WHAT YOU SHOULD DO:
Using the data that follows, return exactly the lines from the one that contains "- In the Alarm" through the one that contains "Hummer Andreas aus", ends included.

DATA:
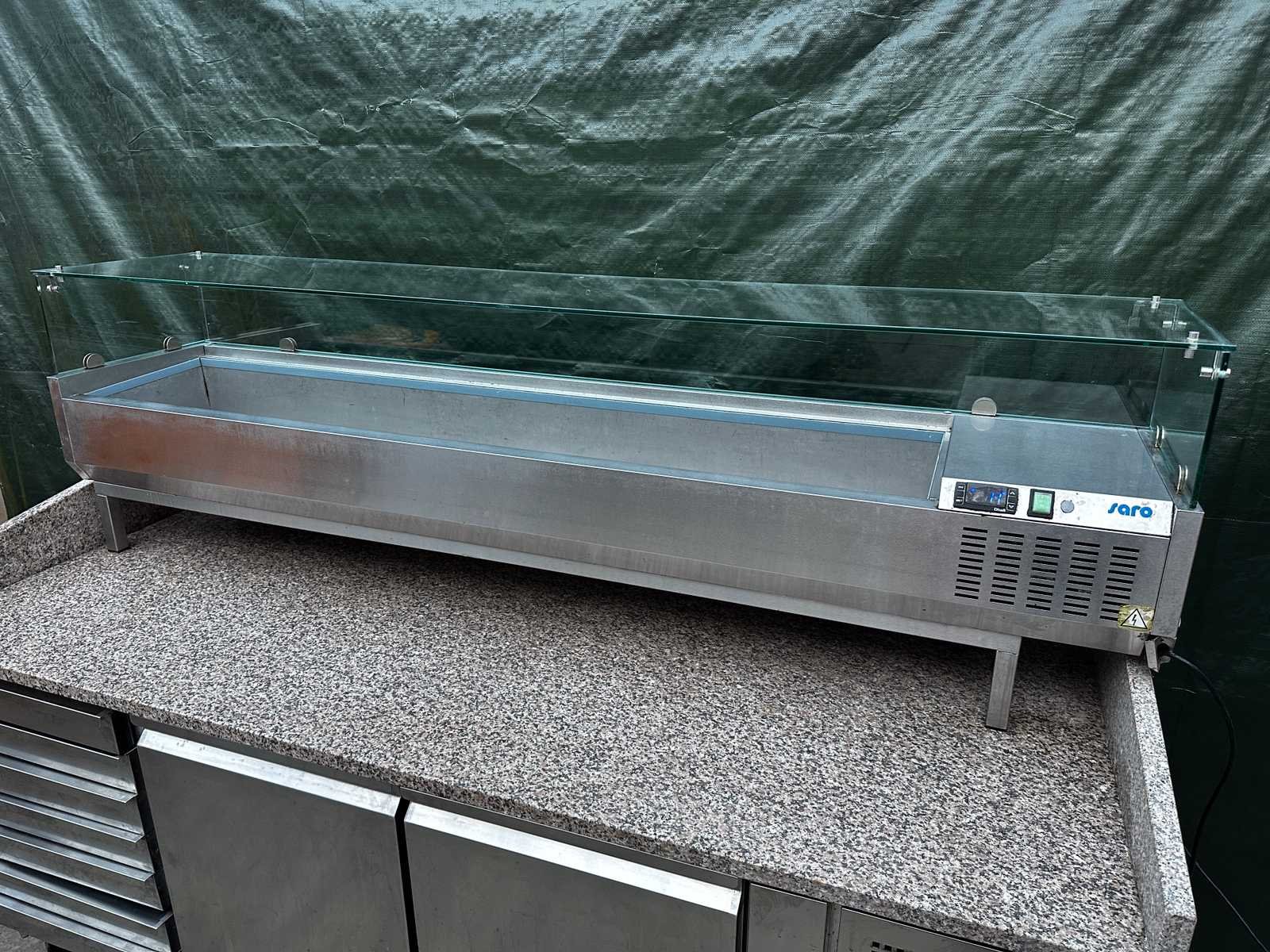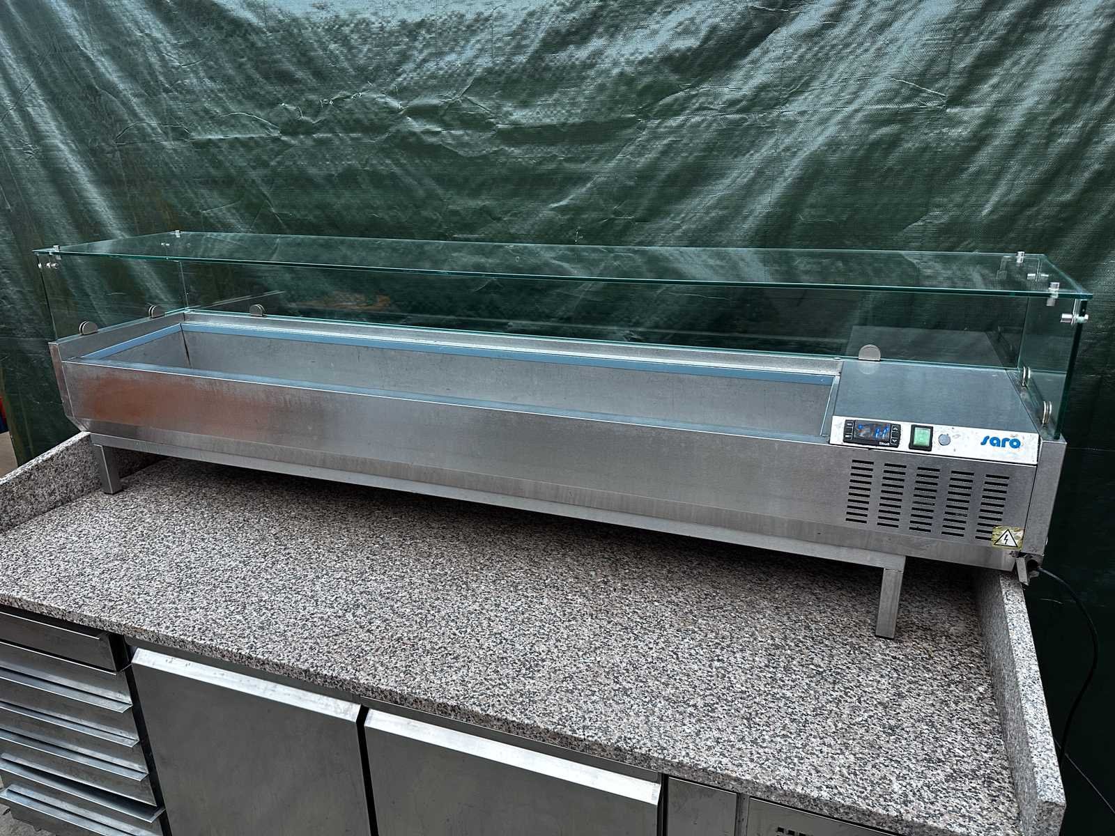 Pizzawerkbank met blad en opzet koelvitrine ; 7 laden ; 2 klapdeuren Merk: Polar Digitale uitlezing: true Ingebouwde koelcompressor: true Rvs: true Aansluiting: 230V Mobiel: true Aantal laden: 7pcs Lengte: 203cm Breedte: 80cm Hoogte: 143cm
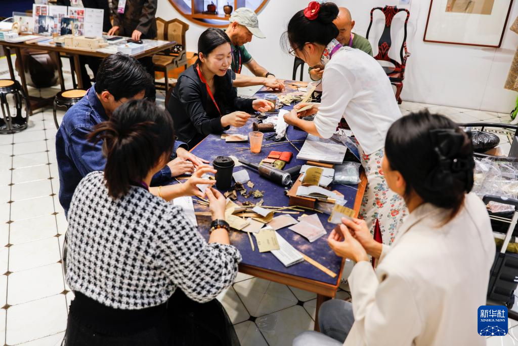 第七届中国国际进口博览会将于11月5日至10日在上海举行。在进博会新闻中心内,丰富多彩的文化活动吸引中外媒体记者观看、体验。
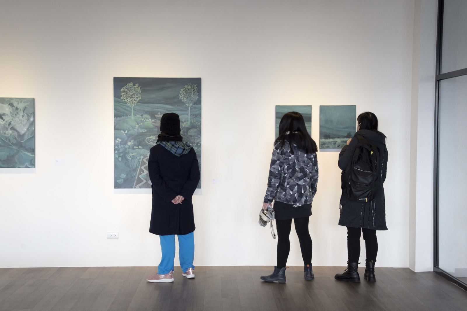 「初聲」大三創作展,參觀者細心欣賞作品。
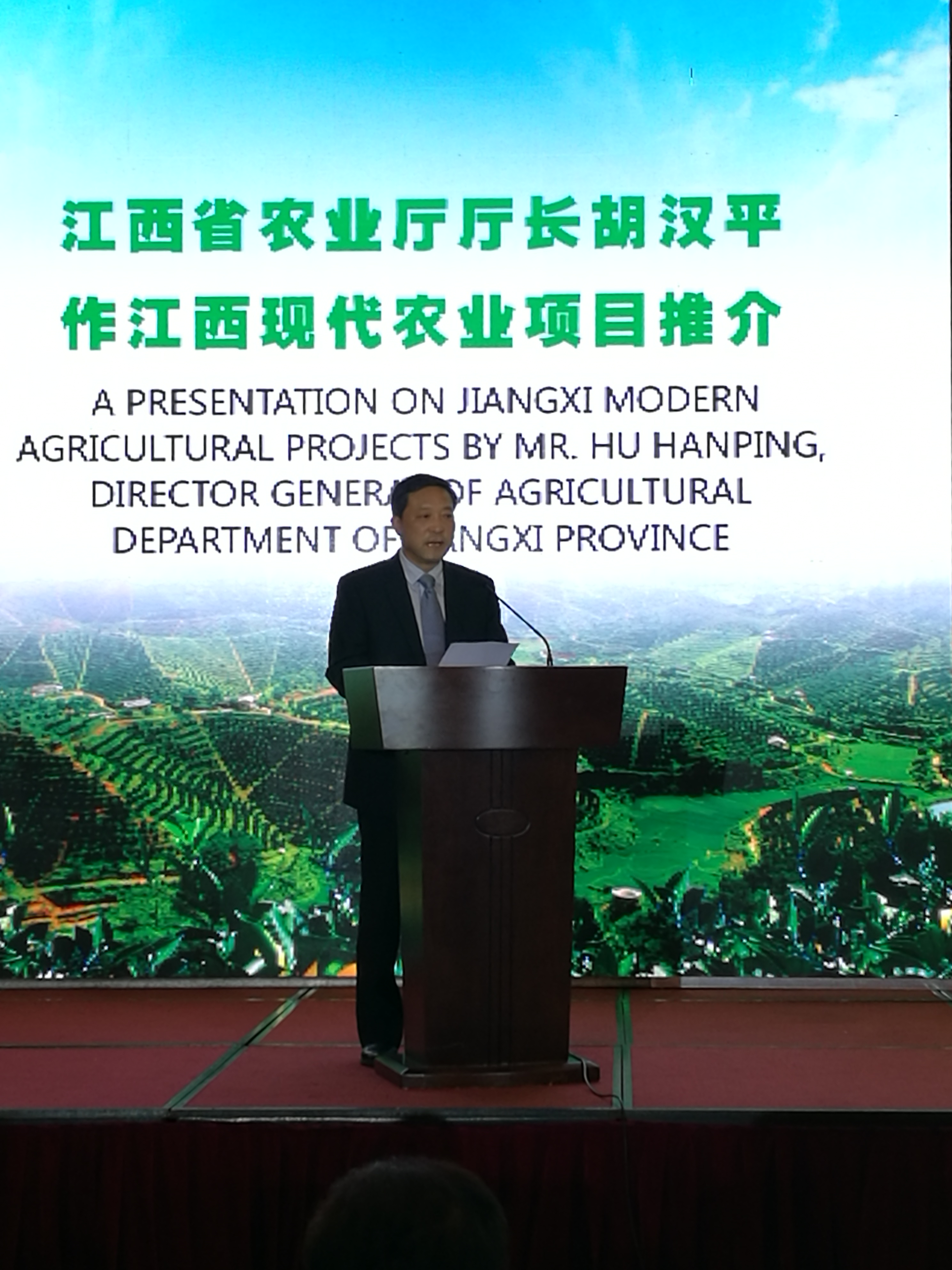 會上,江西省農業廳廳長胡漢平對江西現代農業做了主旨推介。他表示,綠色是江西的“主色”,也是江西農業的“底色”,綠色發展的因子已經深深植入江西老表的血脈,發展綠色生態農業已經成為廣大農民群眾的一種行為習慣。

...

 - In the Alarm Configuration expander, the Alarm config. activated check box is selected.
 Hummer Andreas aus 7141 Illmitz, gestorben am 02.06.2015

TASK RESULT:
 - In the Alarm Configuration expander, the Alarm config. activated check box is selected.
 Hummer Andreas aus 7141 Illmitz, gestorben am 02.06.2015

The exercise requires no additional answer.